Insides out

The concert I attended over the weekend is covered in much greater detail by Inquirer music critic David Patrick Stearns — who noticed a somewhat disturbing political perspective:

…the sort of special attention the [Curtis Symphony] orchestra brings to whatever it plays allowed it to deliver Benjamin Britten’s Violin Concerto from semi-obscurity Sunday at the Kimmel Center.
This early work from the British composer’s wartime years in the United States is championed by major violinists, but doesn’t emerge much on U.S. concert programs. In one of her first outings with the piece, the 26-year-old violinist Hilary Hahn (one of Curtis’ star graduates) was the catalyst in a meticulously prepared performance that had to attract new friends for a piece whose political convictions are both its strength and its problem.
Concern over an impending World War II and the Spanish Civil War conspired to make the 1939 concerto an instance of expression over form. The music documents an inner landscape that seemingly begins with nostalgia for peacetime and progresses into a turning point that many thinking people have in their 20s, when a securely constructed worldview is blown to smithereens by outside events, leaving questions likely to remain unanswered for the remaining lifetime.

When I was in my 20s I don’t think I had a securely constructed worldview, as I grew up during the height of the Cold War and its much hotter Vietnam proxy war.

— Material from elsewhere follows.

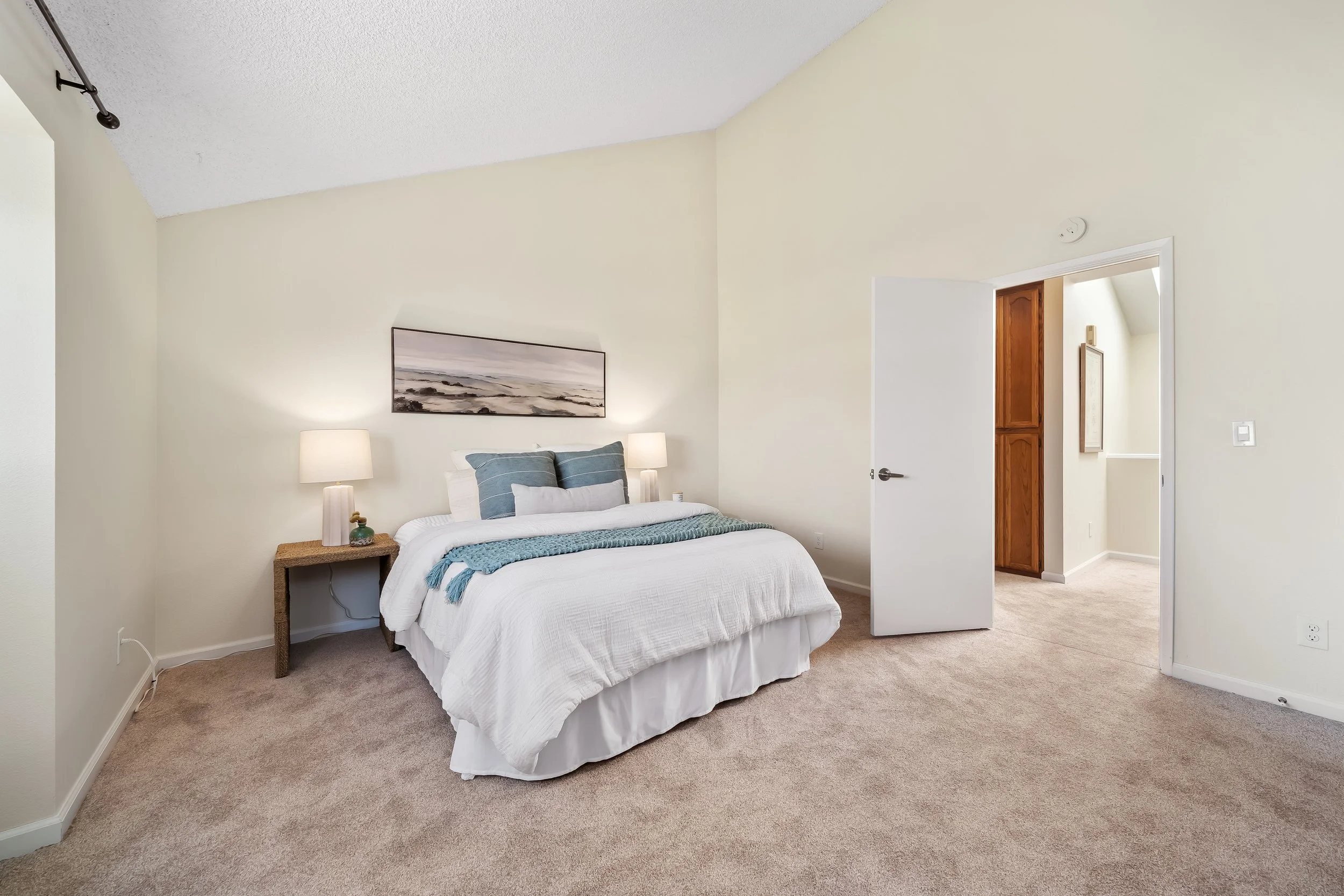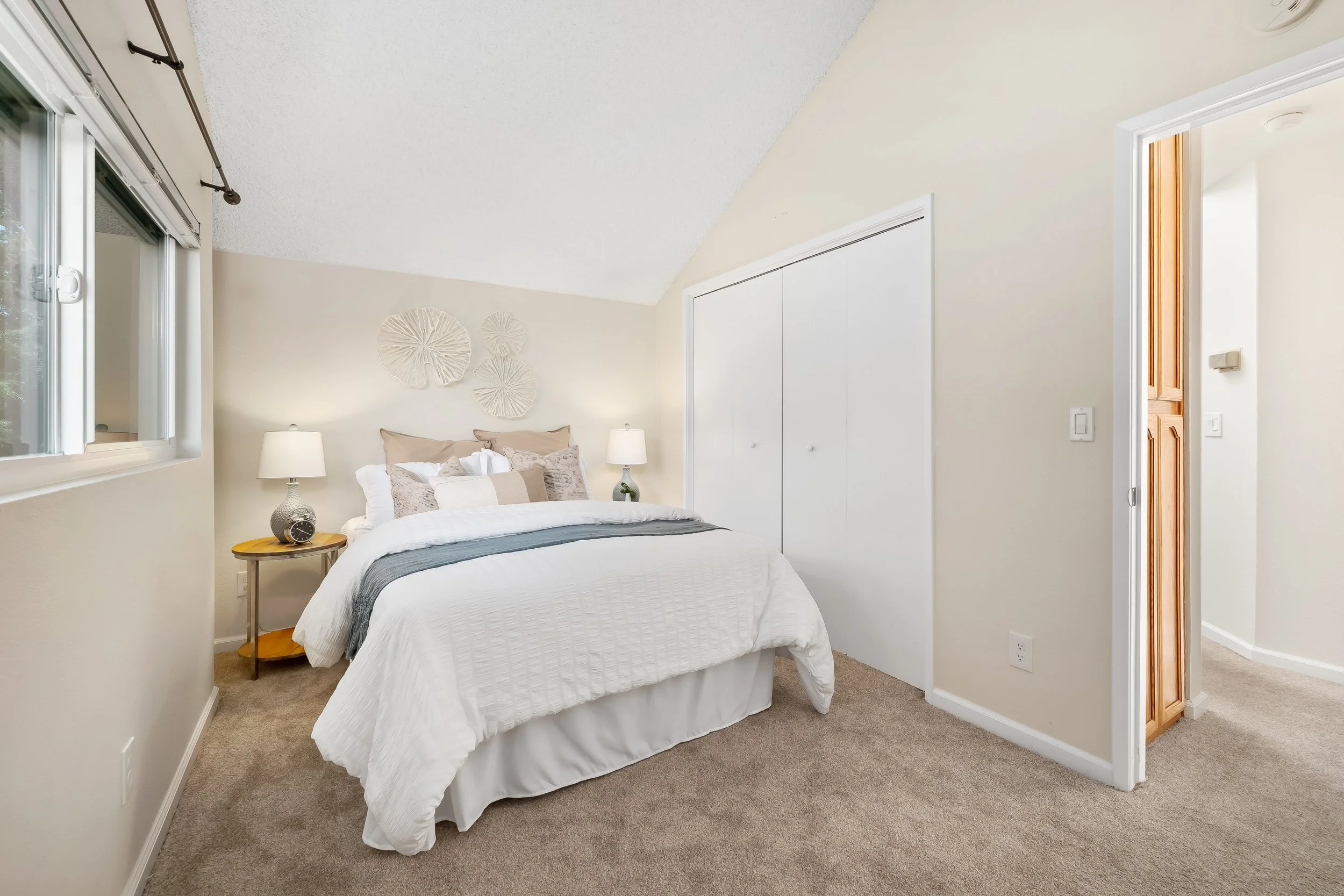 Upstairs, relax in two spacious bedrooms with soaring cathedral ceilings. The primary bedroom boasts an expansive walk-in closet, ensuring ample storage space. In the second bedroom, you’ll find the cutest ladder, leading up to what was originally used as a reading nook for the developer’s daughter.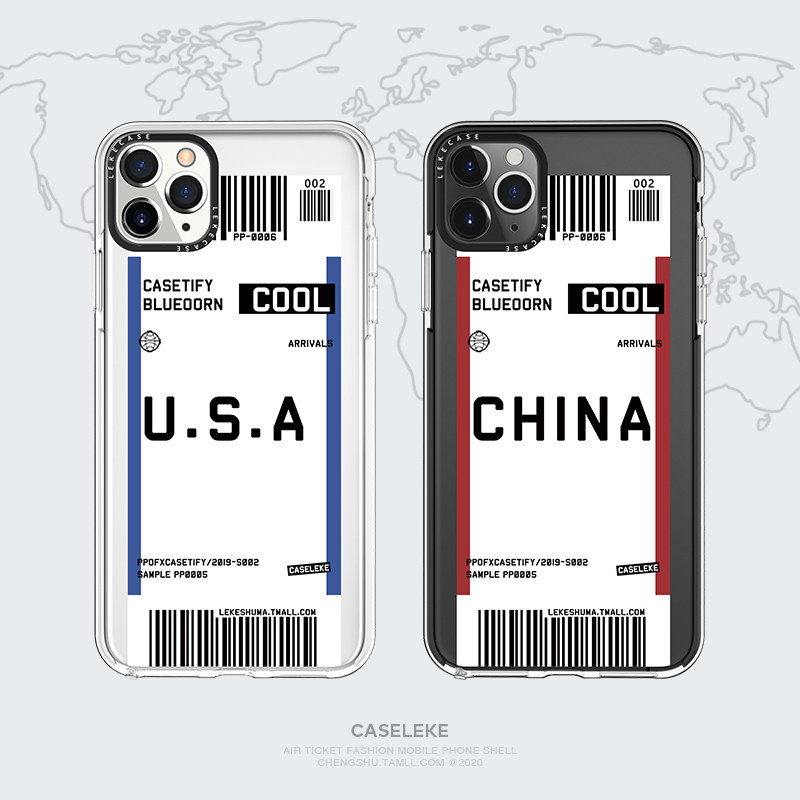 iphone12 mobile phone shell couples plane ticket customization suitable for Apple 11promax creative express order XSMAX tide brand signature custom 8plus color contrast Japanese and Korean ins wind small

While I was eventually blown to smithereens by certain events (namely the AIDS virus) I don’t know whether to call that outside or inside.
However, I am deeply concerned about the lessons of the Spanish Civil War, and I worry that this painting (Dali’s “Soft Construction with Boiled Beans: Premonitions of Civil War“) might accurately depict a recurrent historical pattern:

Premonition.jpg

When democracy degenerates into one class being forced to feed another, the result is a cannibalistic orgy of horror. A war (brought on by cycles of violent political indigestion) between malignant “isms,” one of which will “win.”
It’s also interesting the way political food fights tend to be sexually packaged.
(If I’m lucky I won’t live to see America repeat the tragedy of the Spanish Civil War. I’d hate to have to become a “real” traitor.)